Consider as well that the distribution through the pleading system will also certainly not be equitable. The appeal system, as Hilzoy notes, favors those who can make the best case for themselves, but this is not itself an equitably-distributed trait. Having access to computers and crafting moving appeals obviously favors people with certain social/educational advantages, but that's not all. The appeals will inevitably trigger existing social prejudices as well: even correcting for inequities of circumstance and self-promotional ability, it is unimaginable that donations will be distributed equally by race, sex, or age - our society does not regard equally-situated persons who differ in those characteristics alone as equally appealing.
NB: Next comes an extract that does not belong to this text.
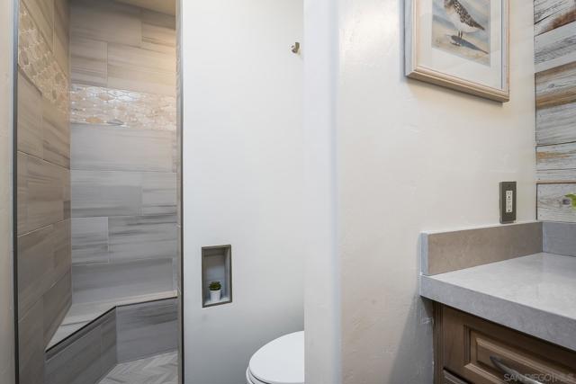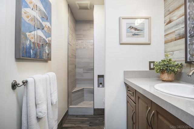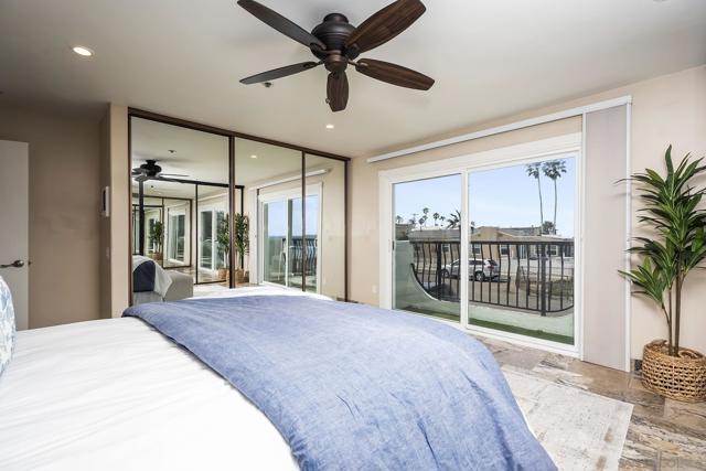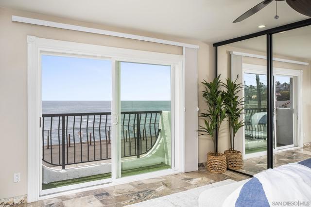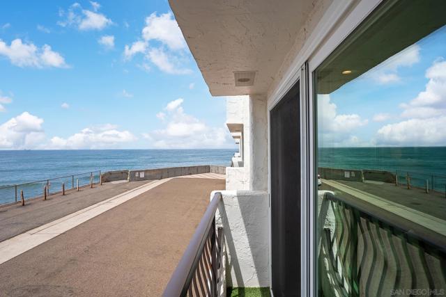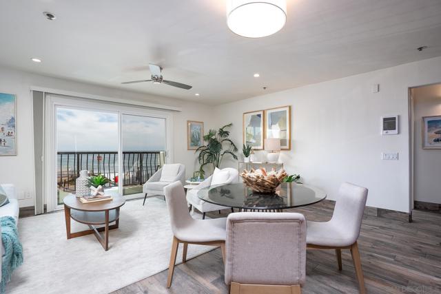Welcome to coastal living at its finest in this beautifully maintained 2-bedroom, 2-bathroom condo offering approximately 1,078 square feet, ideally located along the waterfront in Ocean Beach. Enjoy sweeping ocean views and refreshing sea breezes from your private balconies—perfect for morning coffee or relaxing at sunset. Inside, a bright and inviting open-concept layout showcases a beautifully updated kitchen with rich wood cabinetry, stainless steel appliances, and a stylish tile backsplash. The kitchen flows seamlessly into the dining and living areas, creating an ideal space for both everyday living and entertaining. A wall of mirrors enhances natural light and amplifies the sense of space, while modern lighting, ceiling fans, and warm-toned flooring complete the cohesive, move-in-ready design. The spacious primary suite offers a tranquil retreat with generous proportions, mirrored closet doors, and direct balcony access, along with a well-appointed en-suite bathroom featuring dual vanities, ample storage, and updated finishes. The versatile second bedroom features custom built-ins, a Murphy bed, and an updated en-suite bathroom, making it ideal for guests, a home office, or both. Additional highlights include abundant storage throughout, in-unit combo washer/dryer, and a secure building for added peace of mind. Located just steps from the sand and surf, and moments from the shops, dining, and vibrant energy of Newport Avenue, this home offers the ultimate blend of comfort, convenience, and coastal charm!
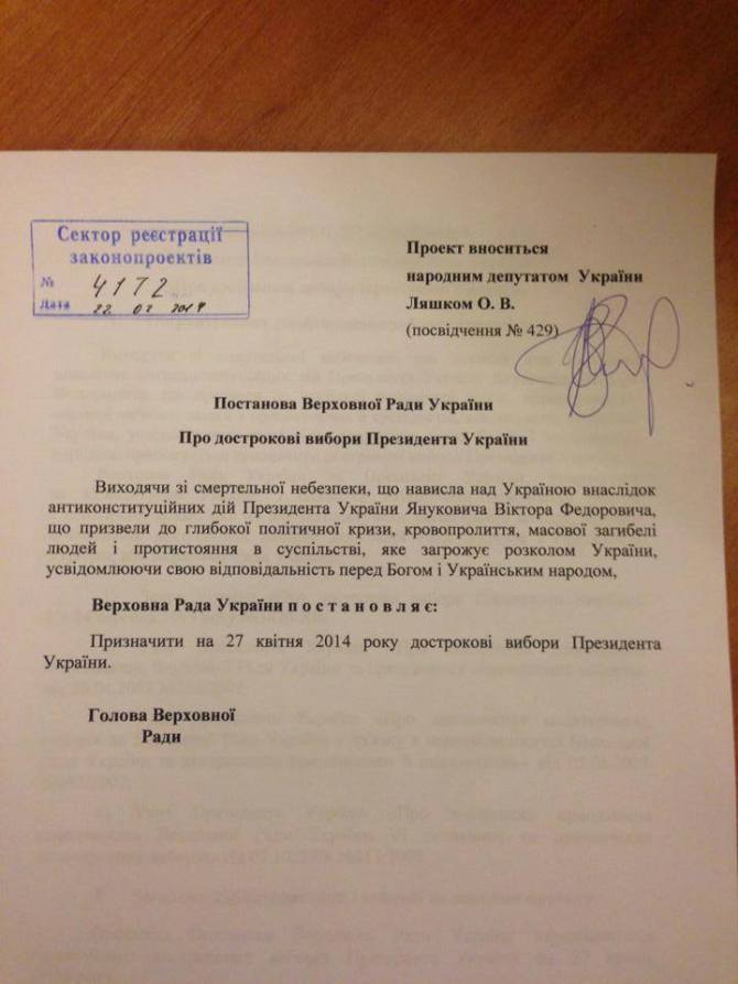 В Верховной Раде зарегистрирован проект постановления о проведении досрочных выборов президента Украины 27 апреля 2014 года.Автор проекта – внефракционный народный депутат Олег Ляшко.

So, in adopting the appeals system, we are adopting a system that grants free "Heaven Can Wait" cards to cute, limpid-eyed, blond, white girls with "good" (socially approved) diseases irrespective of medical need, and tells adults and seniors, most boys, most people of color, and anyone in jail, non-English-speaking, or who has a "dirty" disease that they can just take their chances. It's not clear that that system - even if it produces a net increase in lives saved - is one that we want.

Recall that it was precisely for reasons of avoiding socially-prejudiced resource allocation that Congress approved universal coverage for kidney dialysis. I don't know if we want to stick to that principle if it means limiting, not increasing, access to vital treatments, but I do think that a mere net increase in total resources, inequitably distributed, is not necessarily an unquestionably desirable policy.